§ Task instructions: Beginning at the line that holds "Chuyện là ngay", repeat every line through the last line of the material, exactly, and drop any pictures.

§ Data excerpt:
-=-=-
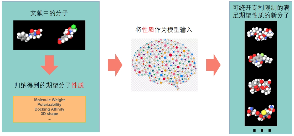 在傳統分子發現流程中,全新可繞開專利限制的分子發現任務往往需要大量專家通過對與文獻中分子相近的極其有限的化學空間進行猜測和嘗試來進行,這大大增加了分子發現流程的周期和成本,也限制了分子的多樣性,對此,分子生成模型通過給定分子的各種約束來逆向生成分子而為分子發現提供了一種新的解決方案。
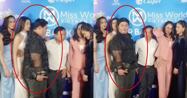 Chuyện là ngay trên thảm đỏ, cô cùng dàn Hậu đứng tạo dáng chụp hình thì bỗng có những nhân vật khác chạy lên xin chụp chung. Điều này sẽ chẳng có gì đáng nói nếu nhân vật nam to lớn không vô tình đứng lấn chỗ Đỗ Mỹ Linh, thậm chí "chèn ép" đến nỗi cô trở nên khó xử và bị che lấp mặt. Thậm chí, trong một giây, chân dài quay sang nhìn đàn em Tiểu Vy với ánh mắt khó xử và sau đó gương mặt mất hẳn nét cười trong suốt thời gian chụp hình.
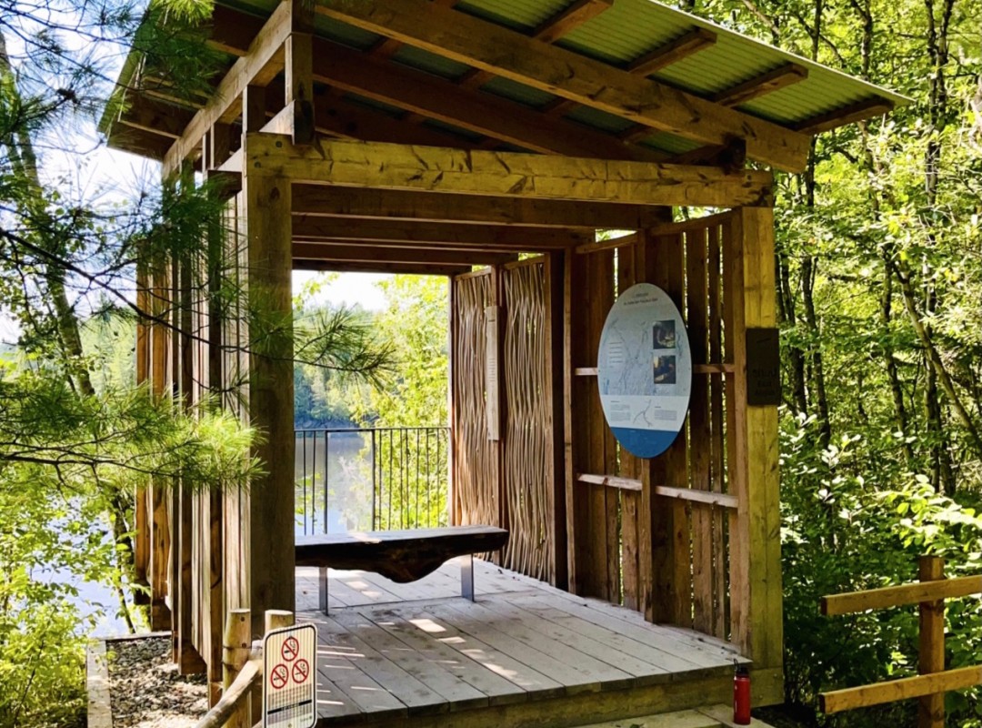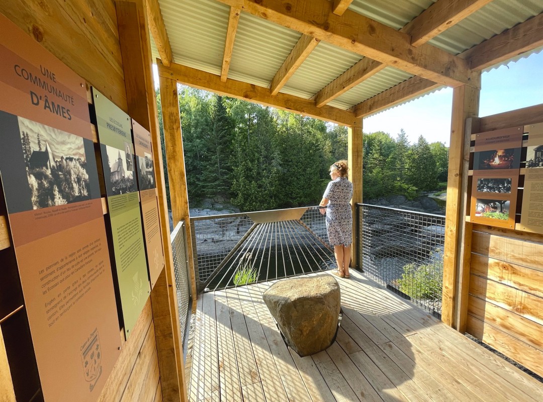 Le lendemain, nous partons à la découverte de la shed de East Angus au parc des Deux Rivières et y passons un bon moment sur les sentiers tout autour. Offrant un point de vue spectaculaire et rafraichissant sur la jonction des rivières Saint-François et Eaton, elle aussi nous plonge dans la vie des premiers Amérindiens qui s’y sont installés.
-=-=-
§ Answer box:
 Chuyện là ngay trên thảm đỏ, cô cùng dàn Hậu đứng tạo dáng chụp hình thì bỗng có những nhân vật khác chạy lên xin chụp chung. Điều này sẽ chẳng có gì đáng nói nếu nhân vật nam to lớn không vô tình đứng lấn chỗ Đỗ Mỹ Linh, thậm chí "chèn ép" đến nỗi cô trở nên khó xử và bị che lấp mặt. Thậm chí, trong một giây, chân dài quay sang nhìn đàn em Tiểu Vy với ánh mắt khó xử và sau đó gương mặt mất hẳn nét cười trong suốt thời gian chụp hình.
 Le lendemain, nous partons à la découverte de la shed de East Angus au parc des Deux Rivières et y passons un bon moment sur les sentiers tout autour. Offrant un point de vue spectaculaire et rafraichissant sur la jonction des rivières Saint-François et Eaton, elle aussi nous plonge dans la vie des premiers Amérindiens qui s’y sont installés.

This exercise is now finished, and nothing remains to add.